Managing Strategy

There are certain concepts that dominate how we presently understand strategy and strategic management. These schools of thought range from primitive design and planning disciplines to more modern environmental, cultural, and learning concepts.

Some of these schools of thought are categorized as prescriptive, descriptive, and both descriptive and prescriptive. Prescriptive schools of strategic management include the design, planning, and positioning approaches. The design school tries to determine a good fit for businesses through conducting case studies on strategy making. These days, the design school is thought of as neither analytical or intuitive and too static for this age of rapid change.

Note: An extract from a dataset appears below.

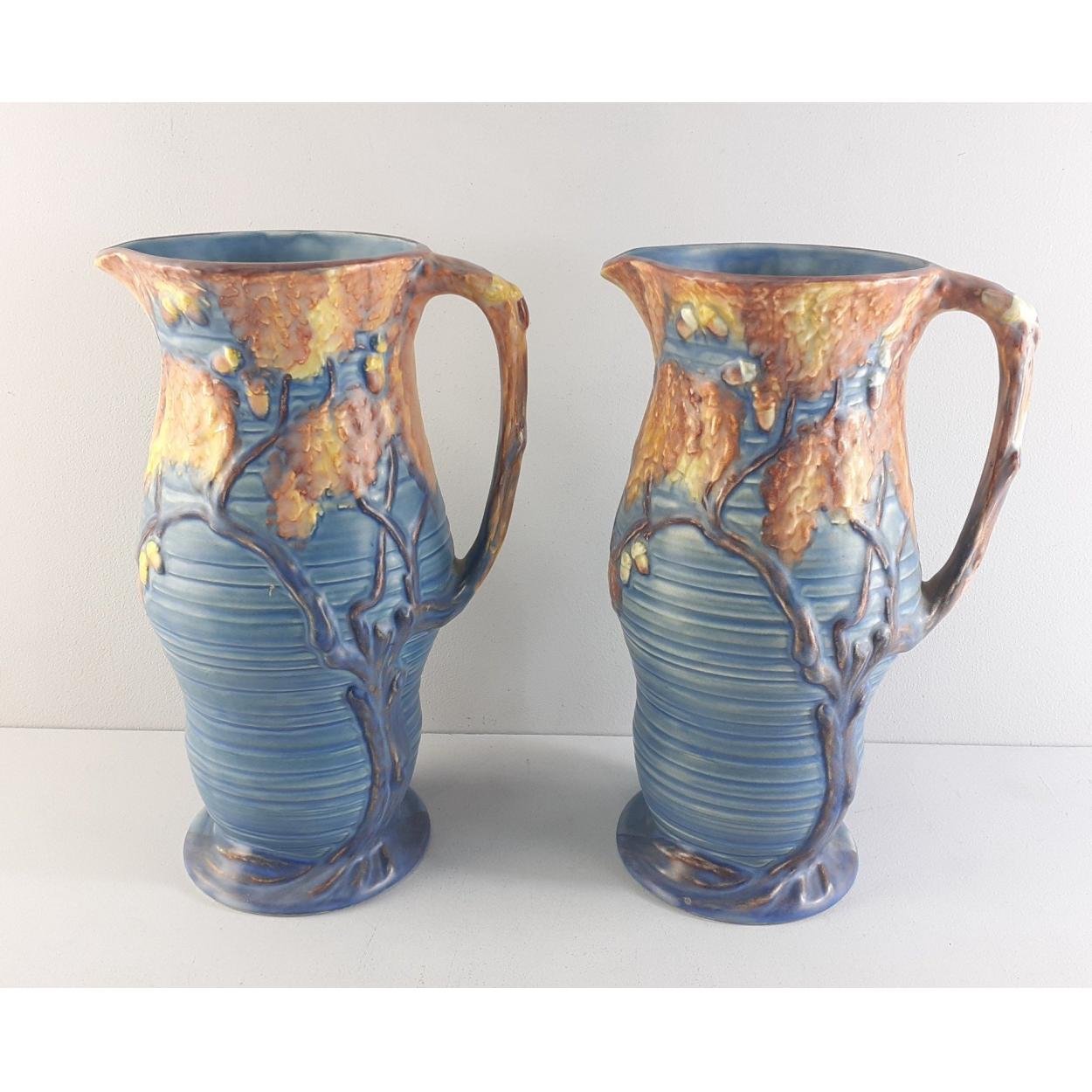 A pair of CARLTON WARE Blue Night Oak Tree Relief pottery jugs each standing 26cm high approx. No damage noted.
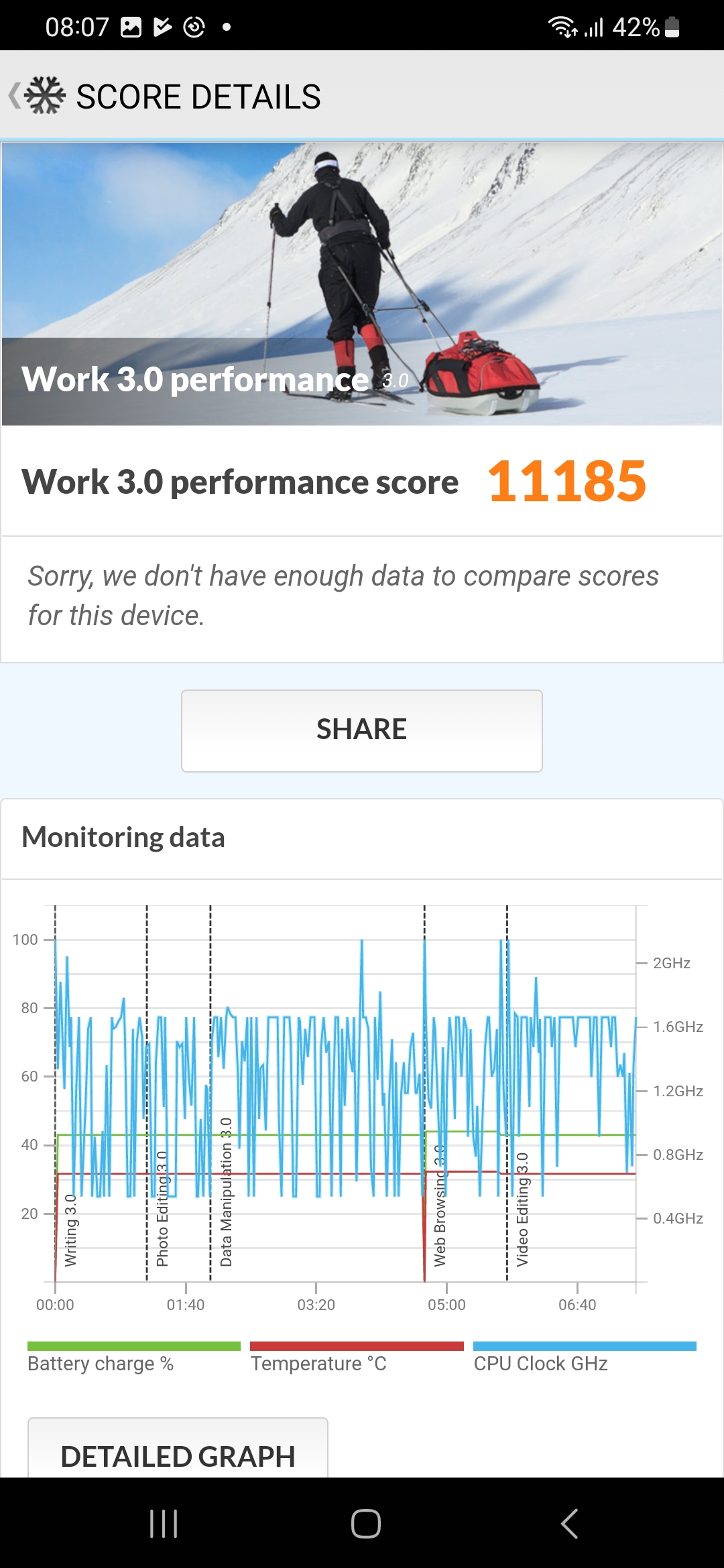 مدلی که برای بررسی در اختیار داشتیم از ۸ گیگابایت رم و ۱۲۸ گیگابایت حافظه داخلی هم استفاده میکرد. همانطور که گفتیم گوشی در استفادههای معمولی واقعا عملکرد خوبی دارد.

The planning school of strategic management supports concepts on formalizing strategy through the creation of programs. However, it does not support real time strategy formulation, nor does it egg on creative accidents. The positioning school on the other hand is based on concepts from Sun Tzu’s „The Art of War“. It analyzes different factors that affect strategy formulation and from these evaluations, calculates strategies that can be adopted by business managers. The downside of strictly sticking to the positioning school is that it reduces strategy to generic positions chosen through various analyses of industry situations.

Descriptive schools of strategic management include several approaches such as entrepreneurial, cognitive, and leaning. The entrepreneurial school focuses on centralized strategies, mainly based on the business leader’s intuition. In the cognitive school, strategies tend to be too subjective and often remain as mere strategies in the minds of those who formulate them. Strategies in the cognitive school are often created out of worry, wherein they are used to cope with the different factors that affect the business. The learning school pushes for adaptive strategy, wherein businesses play with strategies rather than pursue them. In the process, business leaders learn and in turn, strategy development tends to become a rather chaotic process than a result-oriented one.

The configuration school is an example of the combined descriptive and prescriptive strategic management. In this school strategy tends to be polarized, often favoring either incremental or radical change. Strategies also tend to be integrated rather than adaptive.

Academics and consultants often focus on specific schools of thought, while business managers start to appreciate that they will better reap the fruits of strategic management when they try to have a view of the bigger picture. Strategic management starts to fail when academics, consultants, and business managers limit themselves to a single school of thought and take its concepts too seriously. So it is important that strategic managers are able to see the need for a wider yet systemic perspective, and better practices combined with narrow techniques or theories.